Tuesday, September 22, 2009

Ezra Axelrod - Patria/ The Enfield Sessions

[purchase The Enfield Sessions]

[Free download of Patria]

Note: Patria and The Enfield Sessions are two EPs by Ezra Axelrod. Both are available as free downloads, but I have given a purchase link for The Enfield Sessions, because I believe that Axelrod deserves to be paid for what he does. Patria is only available as a download at the time of this writing. Axelrod sent me both EPs burned together on one disc, so I am reviewing them as a single album.

Ezra Axelrod delivers a set, (actually two sets, but they go together pretty well), of songs for piano and voice. On most tracks, he adds stand-up bass and drums. There are some overdubbed vocals, which allow him to add chorus vocals. And that’s it. This results in songs that are subtle but intense. My regular readers know of my bias against oversinging, and that would be a disaster here, in such a spare setting. And given that Axelrod has studied opera performance, he certainly could do it. But Axelrod knows that this is his setting, and he knows how to make this work brilliantly.

The piano is featured, with the bass adding depth and occasional counter melodies. The drums are mostly played with brushes, providing a subtle pulse.

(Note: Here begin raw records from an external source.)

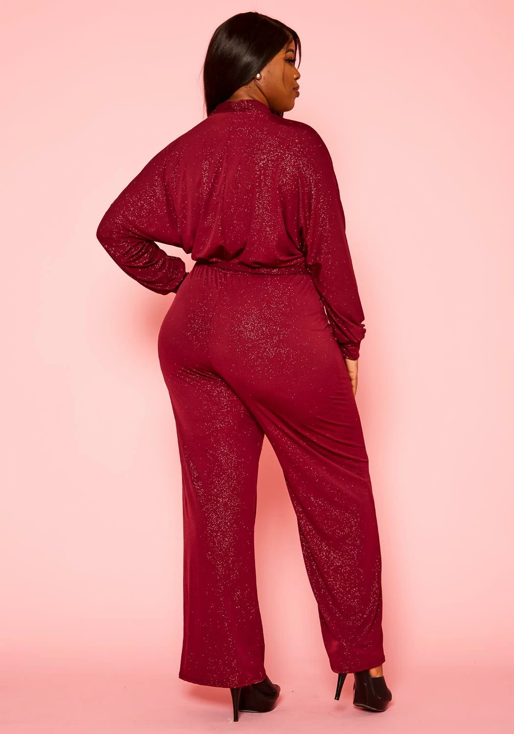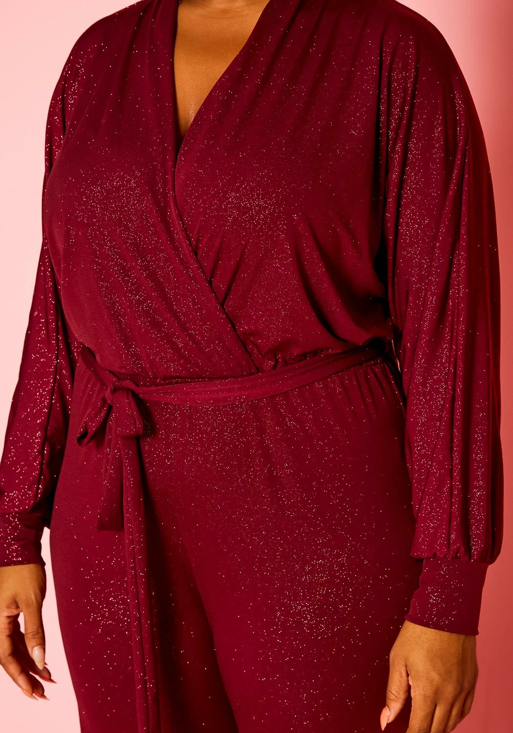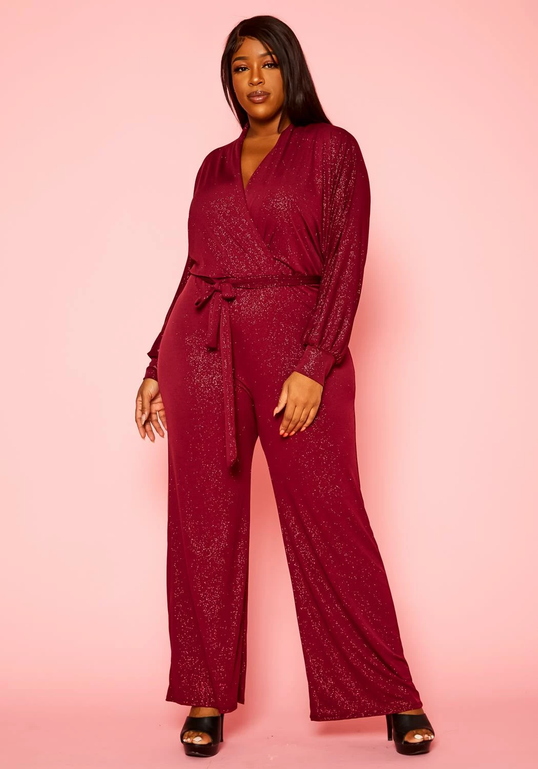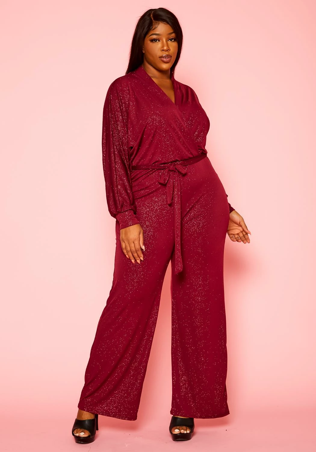 Timeless plus size women’s jumpsuit in lovely shimmer material, v-neck style, long sleeves, flare leg hem and waist tie ascent.
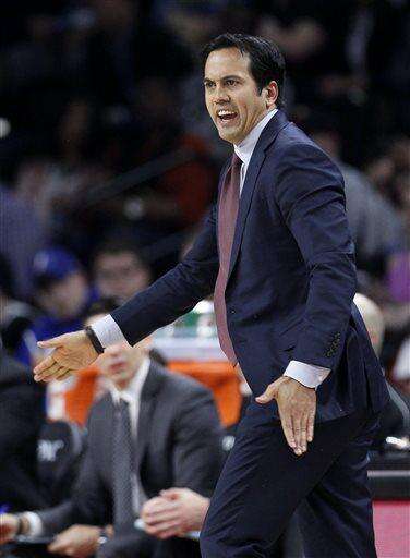 Miami Heat coach Erik Spoelstra shouts to his team during the first half of an NBA basketball game against the Detroit Pistons on Tuesday, April 12, 2016, in Auburn Hills, Mich. The Heat defeated the Pistons 99-93. (AP Photo/Duane Burleson) The Associated Press
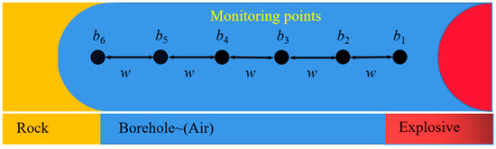 When an uncoupled charge is used, the energy generated after the explosive is detonated first acts on the air in the borehole and then contacts the rock through the air. The surrounding rock of the borehole reaches the yield failure instantaneously due to the shock wave, and the rock unit cannot directly reflect the detonation pressure. Therefore, selecting the air unit between the explosive and the rock can effectively analyze the pressure change acting on the rock after the explosive is detonated, as shown in Figure 6. A total of 6 monitoring points were set up from the cartridge to the borehole wall, and interval space w of each monitoring point was 5 mm.
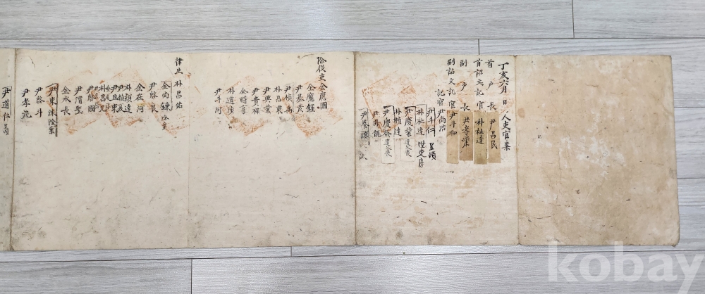 조선시대 경북 청송군 벼슬의 직분과 성함이 기록된 인리관안 관문서 8면 절첩 입니다 첫페이지부터 마지막 페이지까지 많은관도장이 찍혀 있습니다 상태 양호합니다

Axelrod’s voice is a smooth baritone with a bit of a catch to it, that he controls perfectly. He also uses a light falsetto here and there. Axelrod puts over quite a range of emotions with his singing. Signal presents a man who has been injured and is drifting into shock; Axelrod’s singing makes this believable. Reinvention presents a man who is on the outs with his lover, but in the course of the song, they are reconciled and there is the promise of a new beginning; you can hear all of the intermediate shifts in emotion in Axelrod’s performance. Elsewhere. Axelrod conveys irony, resignation, anxiety, and even bittersweet nostalgia.

Axelrod conceived the three songs that make up Patria as a song cycle. The setting is some unnamed Latin American country. The songs are about the human cost of war. They are not political. There is no mention of what the war is about. Rather, Axelrod is interested in what the war does to those who become caught up in it. There are details missing, which make these songs impressions rather than stories. A man who has left his own country to join “the cause” reaffirms his loyalty to that cause after his capture; the people of his native land are now the enemy. Two brothers, one seriously wounded, emerge from a shelter into a city that has been bombed out of existence, and wonder if their signal for help has been heard. And a group of men find themselves on the losing side of a revolution fought to undo the revolution that was won by their fathers. These are big issues, but Axelrod narrows them down to the affects on individuals. He avoids the trap of sermonizing about the evils of war; he simply presents his characters and lets them speak.

The Enfield Sessions is a set of five songs with no overarching theme. But some of the songs echo each other in theme, and even have thematic connections to the Patria songs. People leave their familiar settings. We saw this in Patria, with the man who goes to join the cause. Now, in Father, we meet a son whose been trying to reunite with his father; the father seems to be a man who can never stay in one place for very long. And This Town gives us a man whose parents have been taken away after the father committed a murder; the son must leave the town himself, or live with the damage to his reputation. And just as Patria suggests broken dreams, Southern Way tells the tale of a man who sought fame in Hollywood, but instead found a life that was all too real. But, even taking Patria and The Enfield Sessions as one album, Reinvention is the closest thing to a story. Here, Axelrod describes a pair of lovers who are both writers; they read each other, and their relationship deepens. But there comes a point where they seem to break it off; when they reconcile, their relationship seems to have gained a new strength.

So, Axelrod explores some emotional territory you don’t usually see covered. There are some great images here, but also there are songs where I supplied my own images, based on what I was hearing. That hardly ever happens to me, so it is very much to Axelrod’s credit.

This music sounds fine, but I am curious to know what Axelrod would do with fuller arrangements if he could afford to hire the musicians. Whether or not he chooses to ever to do that however, I will be listening to hear what he does next.